Stop Talking About Prices
You’re an Indy Garden Center, and you don’t have the lowest prices. And that’s okay: your customers expect higher prices. So isn’t it time to stop talking about prices and start talking about what your customers want to hear?
“Quality is remembered long after the price is forgotten.”
– Ed Sabol
Independent Garden Centers are more different from each other than alike. Like the Dirty Dozen and the Island of Misfit Toys, we are united more by purpose than products.
One of the things we do have in common is our prices. They aren’t the lowest; they’re often the highest.
Universally, Garden Center Owner tell me that, “it’s okay we have high prices because we have better quality.” To which I ask: “So why are you always talking about your prices?”
Stop Reminding People
Sending your customers a flyer full of prices is like Trump tweeting about Russia: it changes the conversation to a topic that you don’t want to talk about.
You can’t get into the mud with Sam’s Club and Costco. You. Just. Can’t. And frankly, your customers don’t want you to. It’s not the business model they signed up for.
Your customers expect to pay more when they come to you. They’ve accepted that, often more than we Owners have. In return, they want consistent quality, they want patient guidance, and they want a remarkable experience. They want everything that Sam’s Club can’t give them.
Think about your Target
The gardening industry is wringing its hands over how to get Millennials in-store. Baby Boomer women are our core, but it’s shrinking.
Millennials were born with devices in their hands. If all they wanted was the lowest price, they have the technical savvy to buy online at prices you never knew existed.
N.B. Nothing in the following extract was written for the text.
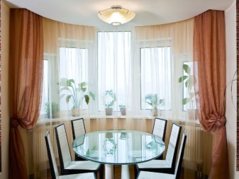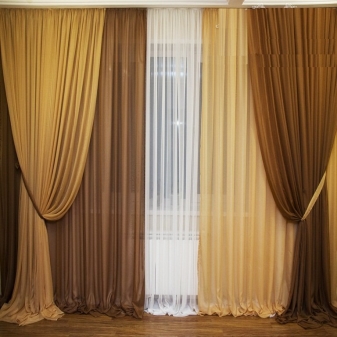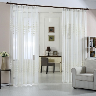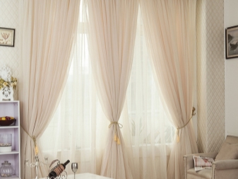 На първо място, трябва да се съсредоточите върху общия стил на стаята и върху избраната рисунка на завесите. Така че дебелите релефни завеси ще бъдат добре допълнени от летящ микро-воал, който не привлича вниманието към себе си и в същото време предпазва стаята от твърде ярка светлина..
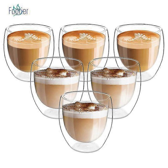 6pcs Double Wall Espresso Cups, Coffee Cups, Double Wall Cups, 80ml, Moka Cups, Thermal Floating Glasses

Companies who have build their business models on price alone should be terrified. We should be energized.
Your target customer doesn’t want you to talk about price. She wants a unique experience, to learn to grow her own food, and to not be spoken down to because she doesn’t know that an apple is in the Malus family. She’s your business’s future, and you’re telling her what she doesn’t expect or want to hear from you.
What’s in your Email Newsletter?
My job is to make the Garden Centers I work with digital marketing superstars. I keep my ear to the tracks and have signed up for hundreds of email newsletters from GCs across North America.
Almost all the email newsletters I get talk only about 1 thing: price.
Now, if I’m your customer, you bet I want to know if you’re having a sale. A big sale might even be a way to entice new customers. But does that have to be your headline every… single… time?
According to MailChimp, which boasts 1.5 million business clients, the average Open Rate for a retail email, which are price-focused, is 18%. So if your list is 10,000, 1800 people open it. They’re your die-hard base.
Hobby-based emails, which contain content about people’s’ interests, average 28%. That’s another thousand eyes looking at your advertising just because you changed the conversation from price to interest.
If you’ve got a content strategy in place to deliver helpful blogs, videos, etc to your customers that reflect their biggest gardening questions, you’ll see almost half your audience opening your email and blow the benchmarks out of the water.
It’s Tuesday afternoon in your Garden Center. Sales are slumping and you need to spark excitement. The question around the meeting table is to drive traffic this weekend. The inevitable answer: 30% off ____.
Talking about price is the quick answer. When sale are down, it’s the downright irresistible answer.
Changing the conversation, so you’re helping instead of selling, takes planning. It’s a long term process to wean ourselves off a constant stream of 30% off this, and Buy-Two-Get-1-Free that.
You’re going to need sales. But if your defining features are everything but prices, shouldn’t talking about prices come last, too?